ACKNOWLEDGMENTS

As a student of institutional history, I became aware many years ago of Alfonso X’s influence on the development of law and government in thirteenth-century Castile. My interest in this subject was first stirred when I encountered the writings of several eminent Spanish scholars who helped to develop the history of Spanish law as an academic discipline. The initial impetus came from the priest Francisco Martínez Marina (1754–1833), whose liberal views, formed in the post-Napoleonic era, infused his two major contributions to the history of Spanish law. His Ensayo histórico-crítico sobre la antigua legislación y principales cuerpos legales de los Reynos de León y Castilla, especialmente sobre el Código de las Siete Partidas de Don Alfonso el Sabio, first published in two volumes in 1808 and reissued in a second edition in 1834, was intended as an introduction to the edition of the Siete Partidas by the Real Academia de la Historia in 1808.1 Five years later, after the Cortes of Cádiz promulgated the Constitution of 1812 establishing a constitutional monarchy, he published his Teoría de las Cortes o Grandes Juntas Nacionales, the first significant attempt to study Spanish parliamentary history.2 Both works exhibit a thorough knowledge of the narrative and documentary sources. Many years elapsed, however, before the history of Spanish law received serious scholarly attention again. Meanwhile, German scholars began to publish and subject to rigorous examination the principal sources of Roman and Germanic law, including the Liber Iudiciorum or Visigothic Code.
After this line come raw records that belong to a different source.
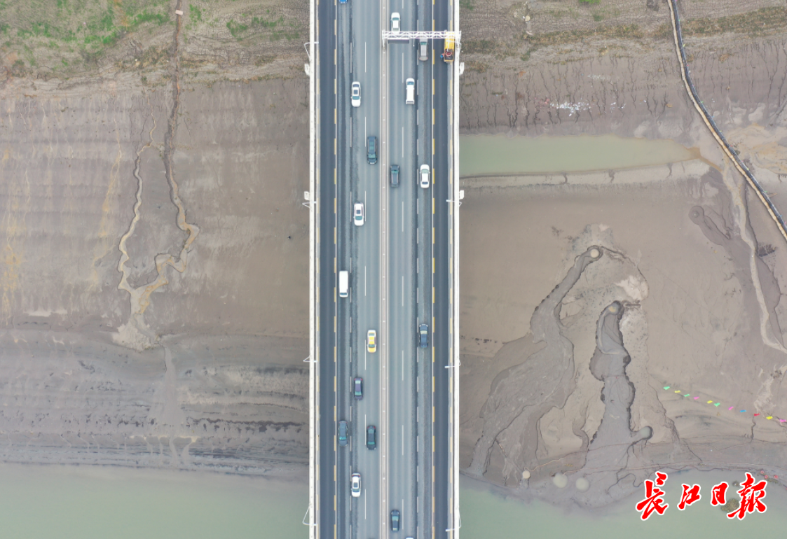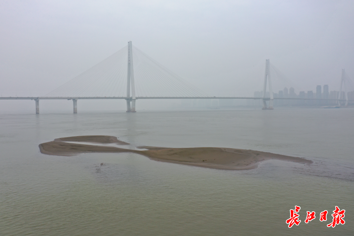 长江日报-长江网12月10日讯 12月10日,长江汉口水位15.08米。入冬以来,长江中下游段进入枯水期,相对汛期期间的长江武汉段水位下降了10米多。二七长江大桥下,一片片沙洲开始在江中慢慢显现,呈现出自然纹理。(记者彭年 摄影报道)
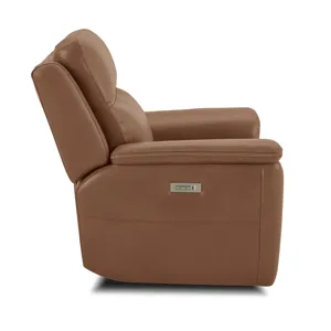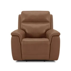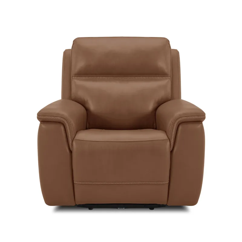 Transform your living space with the Sawyer power recliner with power headrest and lumbar, a perfect blend of comfort and style. This stunning design features high-quality, gray top grain leather upholstery with unique cross-stitching and a distinct arm silhouette, adding a sophisticated touch to any room. Customize your comfort with power recline, headrest and lumbar support at the touch of a button and experience Zero Gravity reclining, relieving pressure from your joints. Designed for durability and longevity, this recliner includes Flexsteel’s patented Blue Steel Spring™, providing unmatched seat comfort and durability that you can count on.
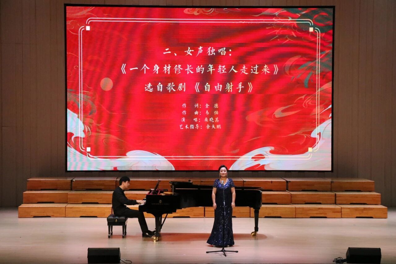 女生独唱曲目《一个身材修长的年轻人走过来》选自歌剧《自由射手》,来晓茜老师用细腻嗓音诠释角色情感,将歌剧片段的浪漫与张力展现得淋漓尽致。

Influenced by their ideas and methods, Eduardo de Hinojosa (1852–1919) published his study of El elemento germánico en el derecho español and developed a new generation of scholars who continued the scientific study of Spanish legal history.3 Members of the so-called Escuela de Hinojosa, or School of Hinojosa, included Galo Sánchez (1892–1969) and Claudio Sánchez Albornoz (1893–1984), who, with others, gave further impetus to the subject by founding the Anuario de Historia del Derecho Español (AHDE) in 1924. Their publications will be cited throughout this work. I owe a special debt to two of Sánchez Albornoz’s students, Luis García de Valdeavellano (1904–85) and Alfonso García Gallo (1911–92), whose works I encountered when I first studied in Spain. The former’s Historia de España and his Curso de historia de las instituciones españolas shaped my understanding of medieval Spain and its institutional development,4 while the latter’s Manual de la Historia del Derecho Español opened up to me the legal history of Spain.5 Together with the many other Spanish scholars whose works are cited throughout my book, they helped my understanding of the king and his impact on the law.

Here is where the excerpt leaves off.